Ratings agency Fitch said it was maintaining its negative outlook on Ireland's rating, despite the measures introduced by the Government in Budget 2012.
The agency said the budget demonstrated commitment to fiscal consolidation and meeting its EU-IMF targets.
"The budget does not alter our negative outlook on Ireland's 'BBB+' rating, which has been in place since April," the agency said. "This reflects the risks to debt stabilisation, including risks to the economic recovery. Many years of consolidation, with very little room for slippage, will be needed to make Ireland's public debt sustainable."
Fitch said the economy would grow in 2012 but the euro zone debt crisis and possible recession in the region could endanger the country's recovery.

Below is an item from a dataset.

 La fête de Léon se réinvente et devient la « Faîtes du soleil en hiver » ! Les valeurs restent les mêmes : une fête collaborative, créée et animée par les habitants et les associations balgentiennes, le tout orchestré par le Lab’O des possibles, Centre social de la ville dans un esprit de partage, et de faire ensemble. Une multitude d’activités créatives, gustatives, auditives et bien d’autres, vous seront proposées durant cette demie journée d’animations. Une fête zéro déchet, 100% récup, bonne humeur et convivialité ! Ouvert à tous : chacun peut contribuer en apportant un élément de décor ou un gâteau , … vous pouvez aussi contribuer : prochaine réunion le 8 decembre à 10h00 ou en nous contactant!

"We calculate that even a small but cumulative fiscal slippage of 0.5 per cent of GDP each year to 2015 would see Ireland's debt reach 121 per cent of GDP in 2015 and not stabilise. This would compare with a peak of 116 per cent of GDP in 2013 under our baseline assumptions," it said in a statement.

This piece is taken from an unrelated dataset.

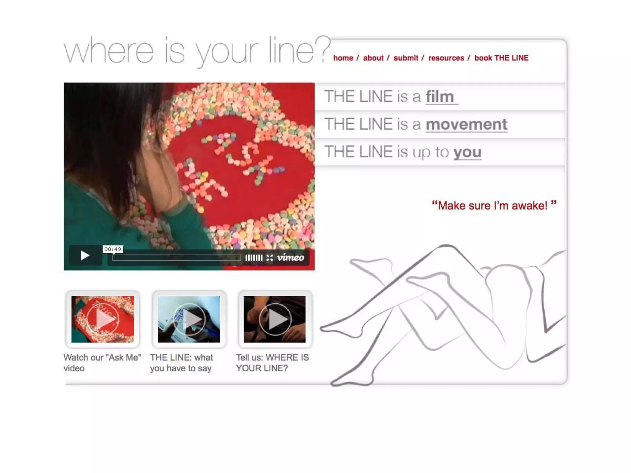 This document provides information about the THE LINE campaign and documentary. The campaign aims to start a conversation about consent, sex, and rape through social media. It will feature a 24-minute documentary called THE LINE about these topics. The campaign goals are to inspire, capture, and share conversations on social issues like what constitutes private matters and relationships. It will use blogs, stickers, Facebook, Twitter, and videos to engage people, especially youth. The campaign team hopes to make THE LINE a platform to amplify youth voices on sexual health issues.

Minister for Finance Michael Noonan and Minister for Public Expenditure and Reform Brendan Howlin unveiled a page of measures for €3.8 billion in fiscal consolidation in a two-day Budget earlier this week.
The commitments given to the EU-IMF bailout programme gives Ireland until 2015 to cut the deficit to 5 per cent of gross domestic product. The Government's deficit target for 2012 is 8.6 per cent of GDP.